A useful indication of compromise is if they also try to POST with these bytes:
0000 42 01 0a 8a 00 03 42 01 0a 8a 00 01 08 00 45 00 B.....B.......E.
0010 00 3c 4f f4 40 00 76 06 20 38 9f f2 ea 10 0a 8a .<O.@.v. 8......
0020 00 03 24 e0 00 50 64 94 42 c1 00 82 6d f0 50 18 ..$..Pd.B...m.P.
0030 02 03 9e d5 00 00 30 78 25 35 42 25 35 44 3d 61 ......0x%5B%5D=a
0040 6e 64 72 6f 78 67 68 30 73 74 ndroxgh0st
Which are also pulled directly from my pcap.
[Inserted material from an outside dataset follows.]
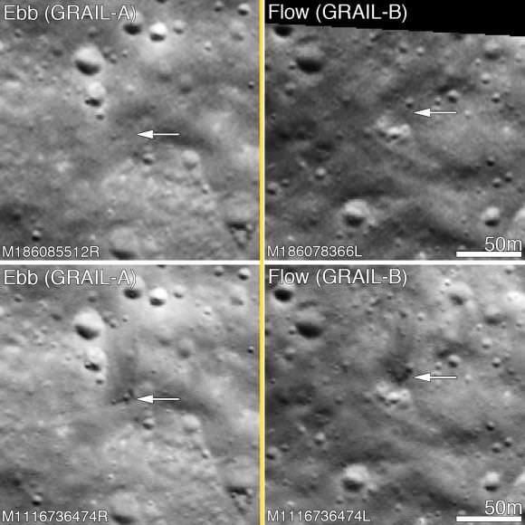 GRAIL A site seen before and after the impact event. Crater center is located at 75.609°N, 333.407°E/ Credit: NASA/GSFC/Arizona State University.[/caption]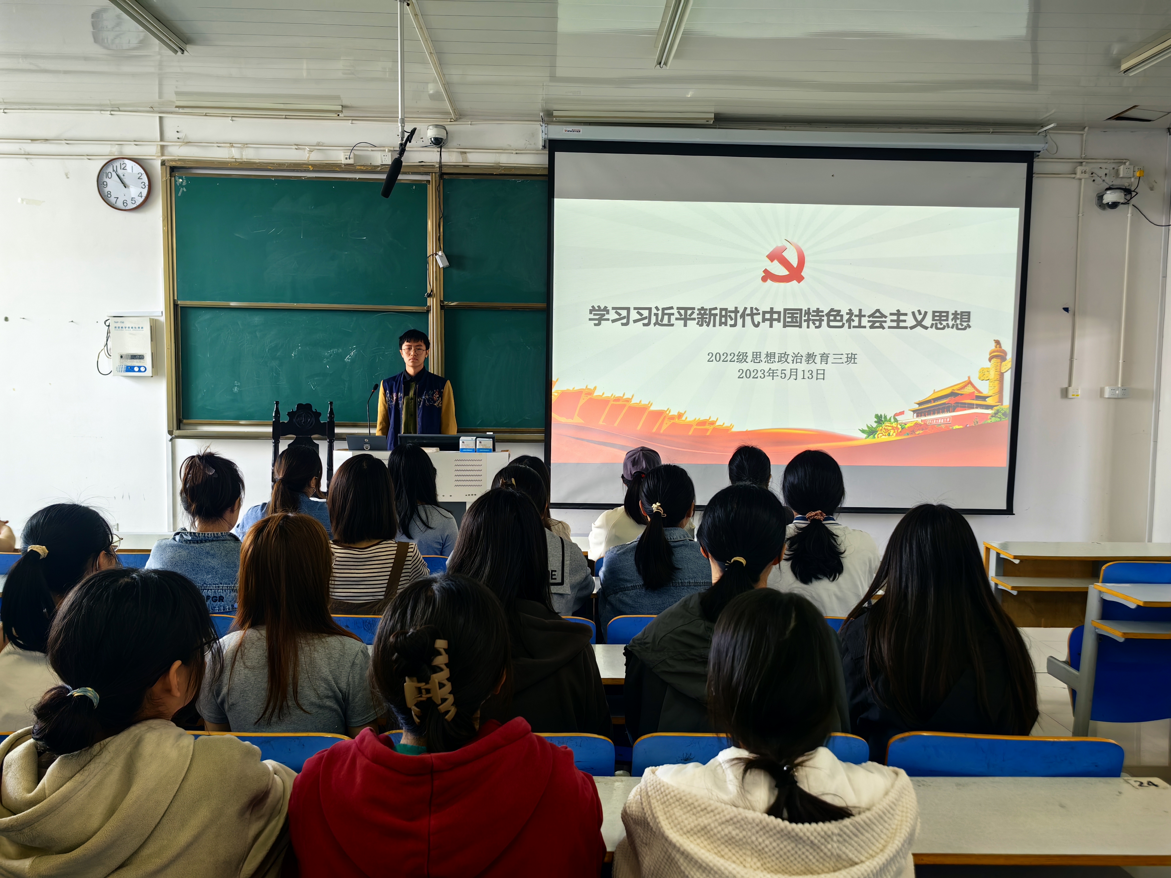 5月13日下午,太阳集团tyc59972022级思想政治教育三班在社科楼515教室召开学习习近平新时代中国特色社会主义思想主题团课。我院2022级思想政治教育三班全体成员共同参加此次团课。团课由团支书余浩洋主持。

There are also a handful of POST
requests that try to upload scripts to directories within the honeypot; however, since they don’t exist, the requests failed. Also, any attempts that contained potential malware urls lead to dead ends so far. Other than the GET /.env
requests, there is similar traffic also looking for config files in order to gain some good footholds on actual websites or cloud servers which may be compromised in that manner.
27 JAN 2022 - 30 JAN 2022
Collecting Malware Samples
After a few more days of letting it run, I checked on the findings via the MHN ui and saw a ton of traffic taking advantage of SMB. Exploiting SMB is very popular with worms and can be used to easily spread malware. Thanks to Dionea being configured to actually capture and save the files, I’ve successfully collected many samples, ready to be analyzed.
Crosschecking with VirusTotal yields us results, and these binaries are, in fact, live malware.
VirusTotal Results
This one specifically is WannaCry Ransomware.
Dionaea was also capable enough to capture droppers, instead of full programs as well, leaving a lot to explore within the collected samples after only a week of being up.
In total, I was able to collect 105 samples. Some of them are duplicates from the same worms, and others are unique. With all of the samples in the same directory on my malware environment, I decided to conduct an antivirus scan on it to see how many it will actually detect. For my experiment, I chose to configure MalwareBytes to run a scan on the directory.
MalwareBytes Results on Sample Directory
Suprisingly, MalwareBytes could only recognize 79% of the malware, and would leave 21% of the malware on the system. For comparison, I ran the same scan, but with Bitdefender instead. Bitdefender caught even less than MalwareBytes, picking up 71% or the samples, leaving 29% still on the system.
Bitdefender Results on Sample Directory
With both commercial antivirus softwares not picking up 100% of the malware collected from the honeypot, this serves as a good argument to there still being a lot of research to be done through the use of honeypots such as this one. Malware is constantly changing and evolving, and security research must be able to keep up in order to continue defending against it.